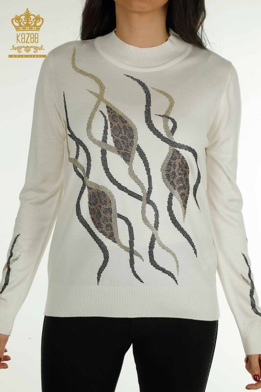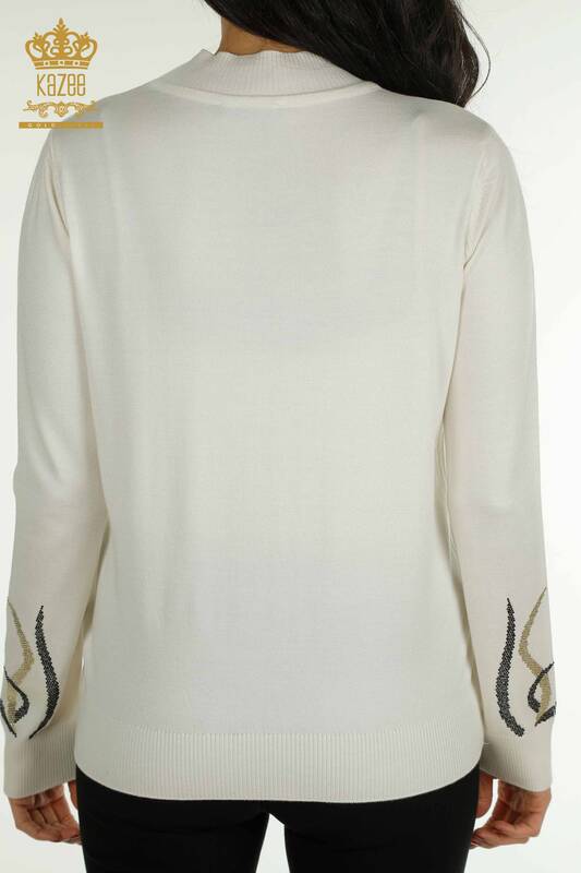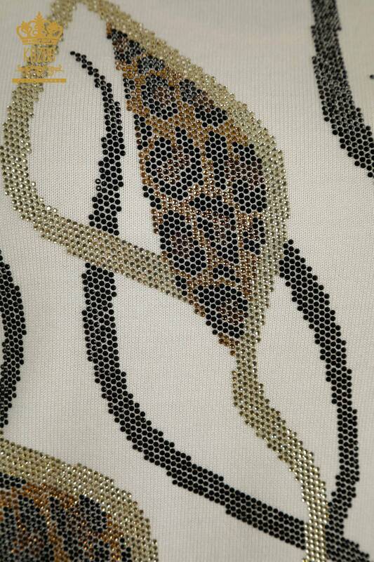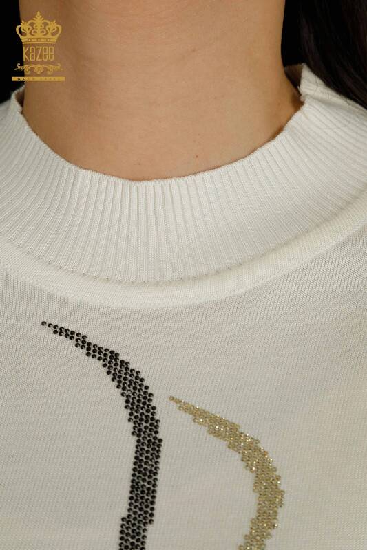 Toptan Kadın Triko Kazak Taş İşlemeli Ekru - 30096 | KAZEE
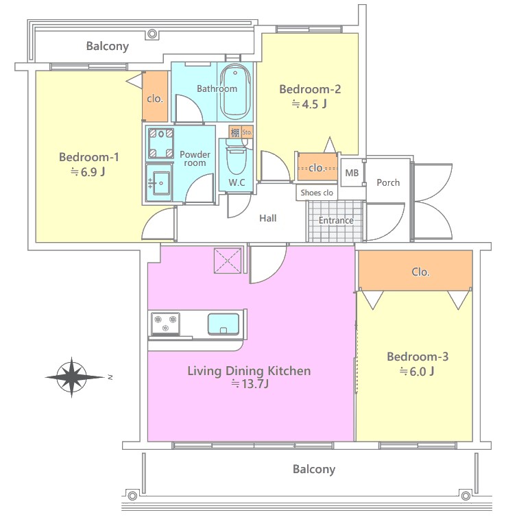 | 間取り内訳 | LDK13.7畳1室 洋室6.9畳1室 洋室6畳1室 洋室4.5畳1室 |
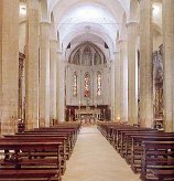 On the left side, facing the public gardens, there is an entrance door in romantic style, with two openings, one of which has been walled close, and on top there is a beautiful rose window. The facing, non completed on the upper part, presents its principal portal, in Romanic style, surmounted by a rose-window, made only in 1958. In that occasion the two windows which had been opened in 1700 on top of the door, were closed, when internally the church was transformed in baroque style.
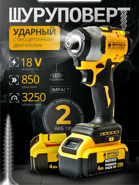 Шуруповерт Remtools DCF850 18V - надежный помощник в домашних и строительных работах. Этот аккумуляторный инструмент обладает всем необходимым функционалом для эффективного и комфортного использования. Набор включает в себя шуруповерт Remtools DCF850 18V, который оснащен мощным 18-вольтным аккумулятором и имеет высокую мощность вращения - 200 Нм. Благодаря этому, вы сможете легко и быстро завинчивать шурупы и выполнять другие строительные работы нашим импакт шуруповертом. Шуруповерт Remtools DCF850 18V поставляется с двумя аккумуляторами, что позволяет продолжать работу без прерываний. Каждый аккумулятор обладает емкостью 2 АКБ, что гарантирует длительное время автономной работы. Этот импакт аккумуляторный отличается высоким качеством и надежностью. Импульсный винтоверт оснащен электрическим двигателем с бесщеточной технологией, что обеспечивает его долговечность и мощность. Благодаря ударному механизму, вы сможете легко просверлить отверстия в твердых материалах. Шуруповерт Remtools DCF850 18V имеет компактный размер и легкий вес, что облегчает его переноску и использование в труднодоступных местах. В комплекте также идет удобный кейс для хранения и переноски. Этот аккумуляторный шуруповерт подходит для различных задач - от монтажных работ до ремонта автомобиля. Он идеально подходит как для профессиональных строителей, так и для домашнего использования. Шуруповерт Remtools DCF850 18V - надежный и функциональный инструмент, который поможет вам справиться с любыми строительными задачами.
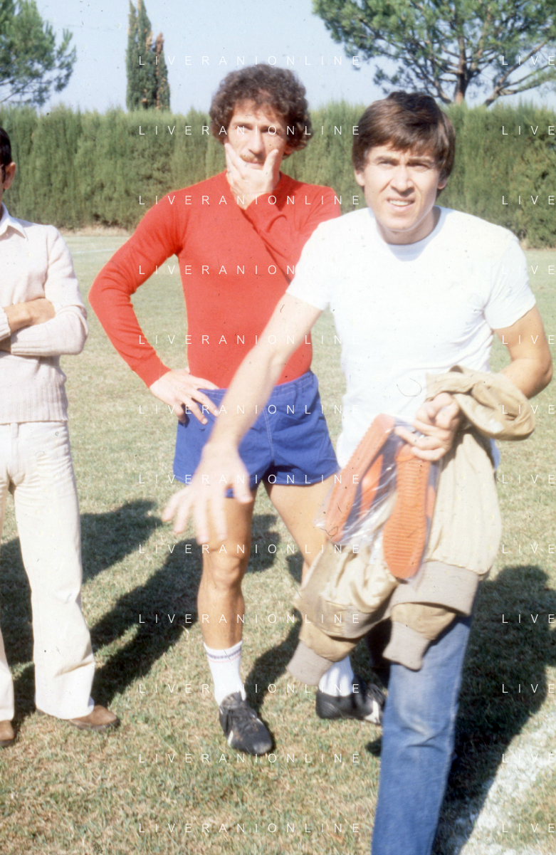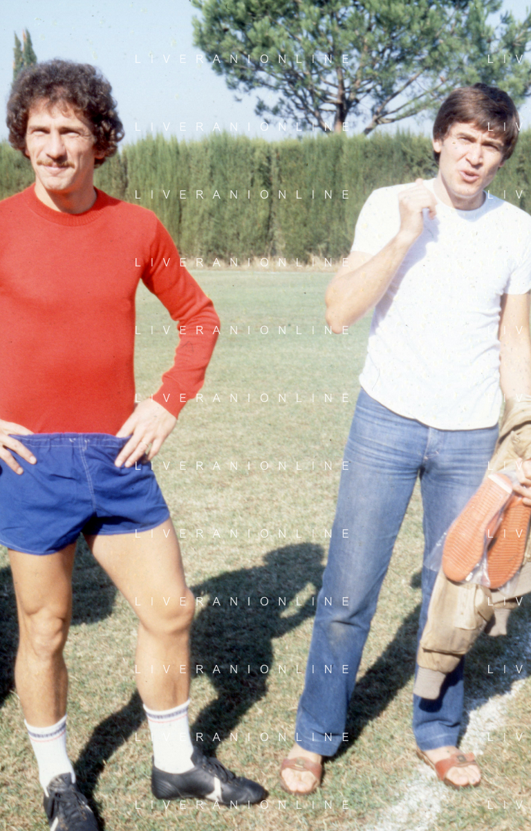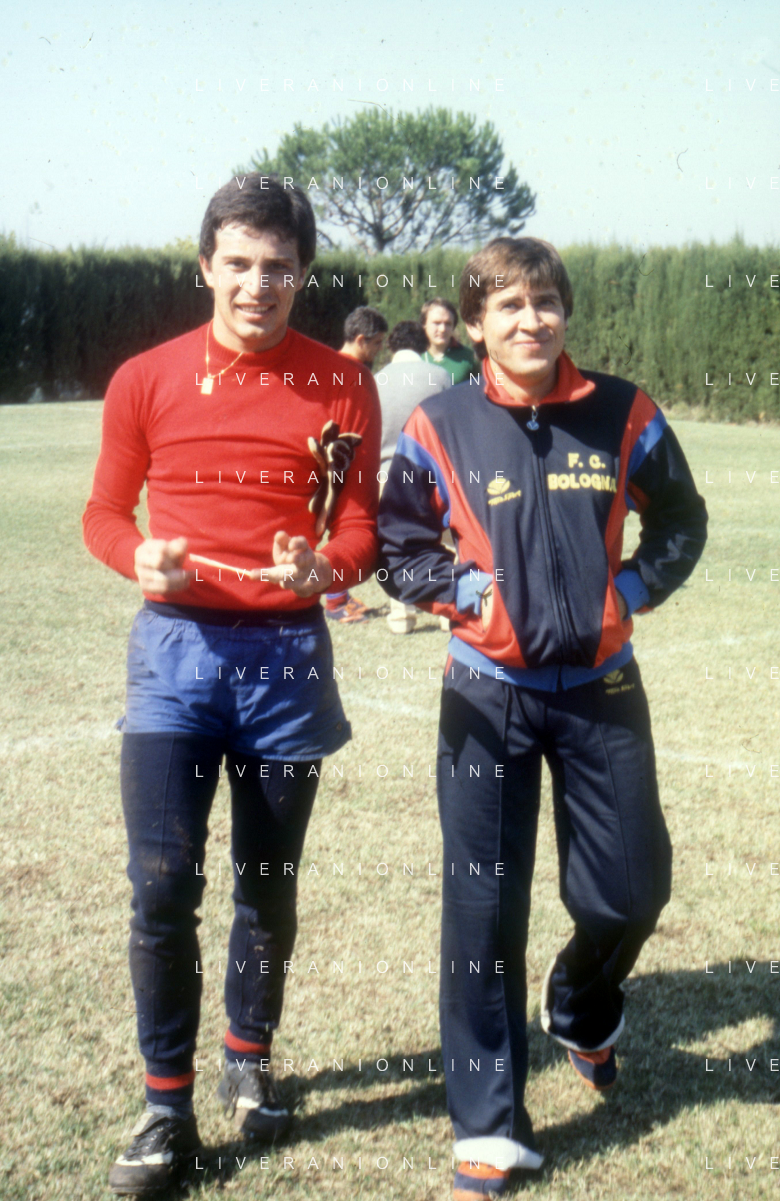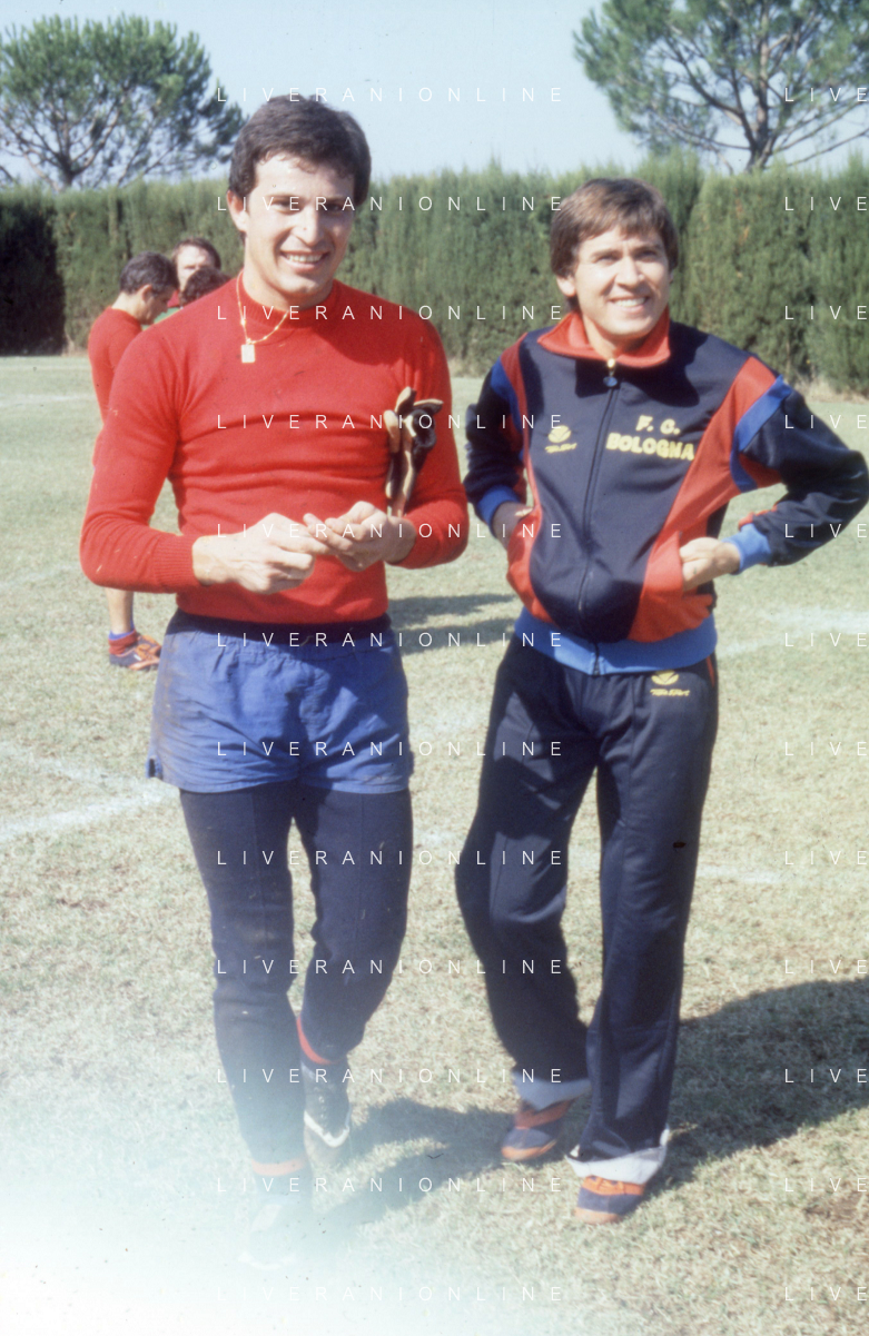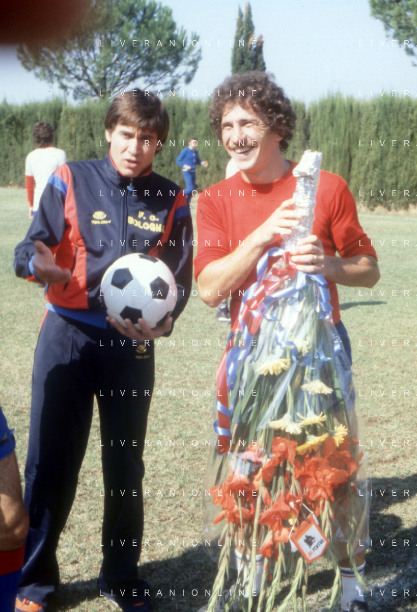 NEG-RETROSPETTIVA GIANNI MORANDI CANTANTE NELLA FOTO GIANNI MORANDI CON GIUSEPPE SAVOLDI GIOCATORI DEL BOLOGNA CALCIO NELL'ANNO 1979 AG ALDO LIVERANI SAS
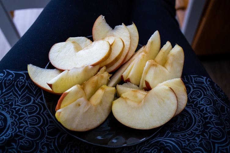 Masíruji. Překonala jsem se a vytáhla výzdobu. Zajdu se vyvenčit. Dám si vitamíny. Poklidím, abych mohla cvičit. Připravím si snídani.
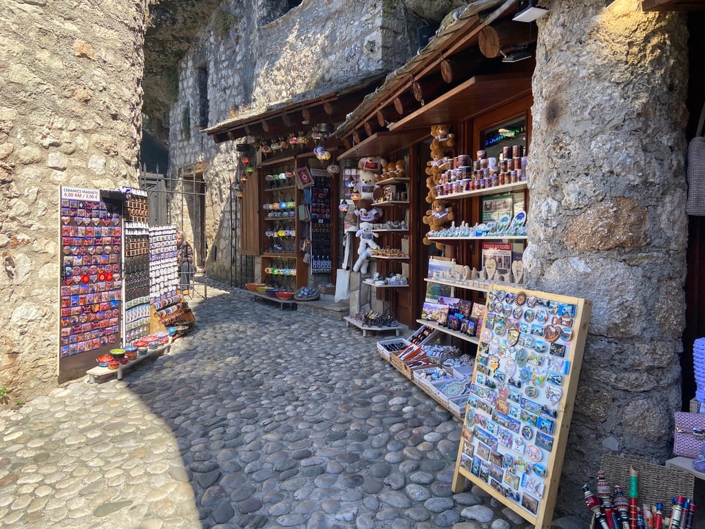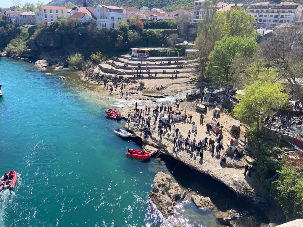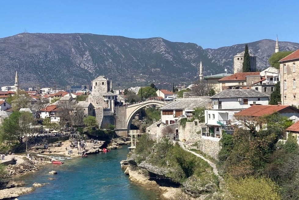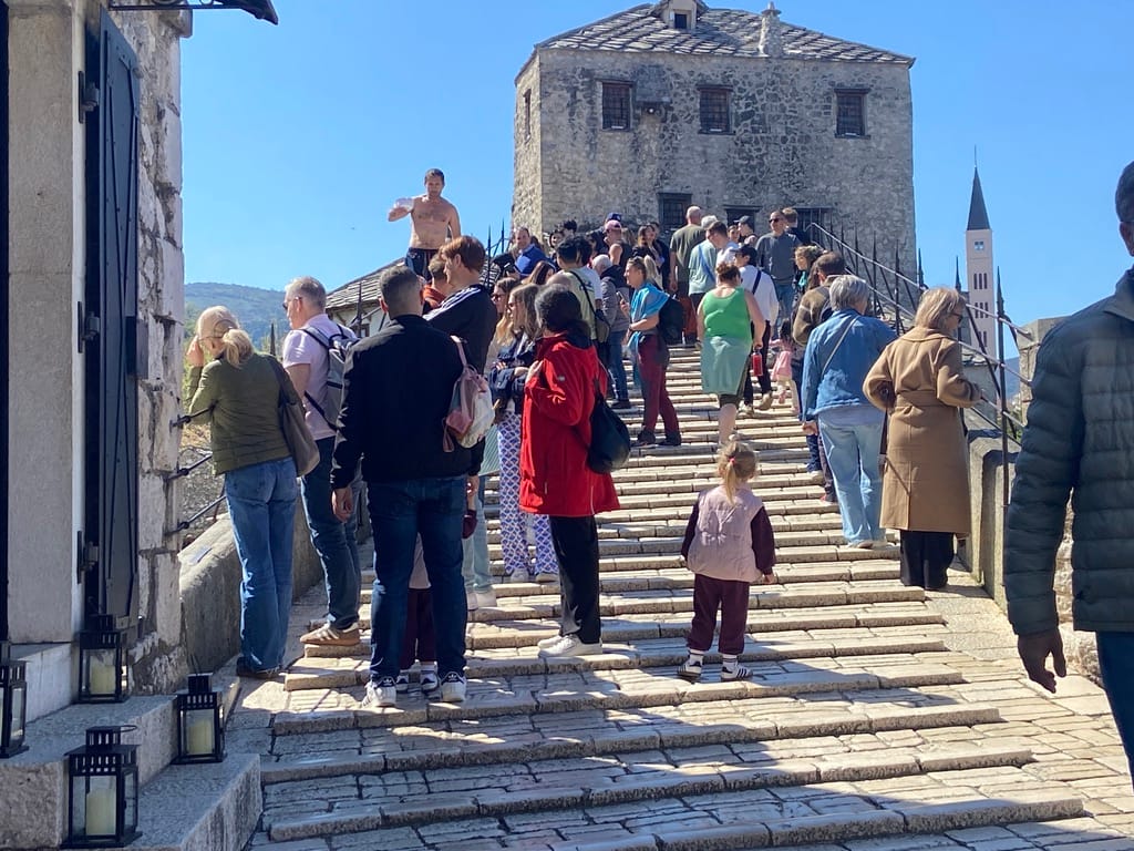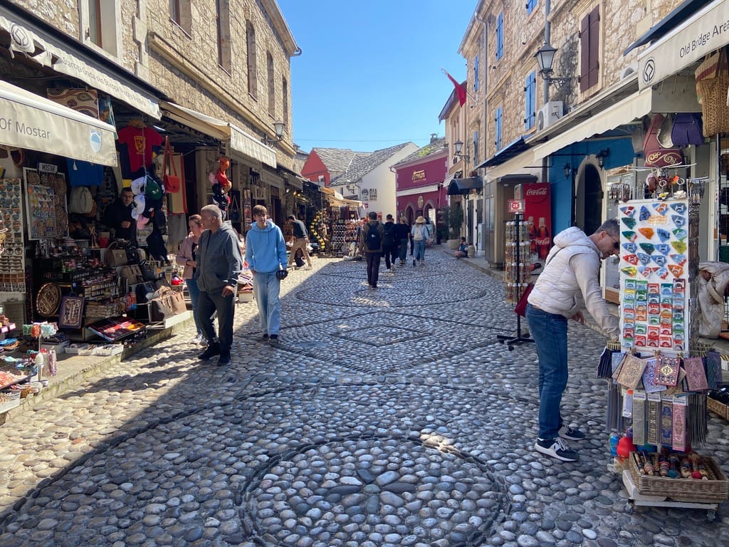 We crossed over a bridge as we arrived in Mostar — a great first view of the old bridge, and it really was stunning. The famous Stari Most, rebuilt after the war, sits right at the heart of the old town and draws people in from all over.
-------
Each line from the one containing "NEG-RETROSPETTIVA GIANNI MORANDI" to the final line of the data must be printed exactly, both included, with nothing else and no pictures.

 NEG-RETROSPETTIVA GIANNI MORANDI CANTANTE NELLA FOTO GIANNI MORANDI CON GIUSEPPE SAVOLDI GIOCATORI DEL BOLOGNA CALCIO NELL'ANNO 1979 AG ALDO LIVERANI SAS
 Masíruji. Překonala jsem se a vytáhla výzdobu. Zajdu se vyvenčit. Dám si vitamíny. Poklidím, abych mohla cvičit. Připravím si snídani.
 We crossed over a bridge as we arrived in Mostar — a great first view of the old bridge, and it really was stunning. The famous Stari Most, rebuilt after the war, sits right at the heart of the old town and draws people in from all over.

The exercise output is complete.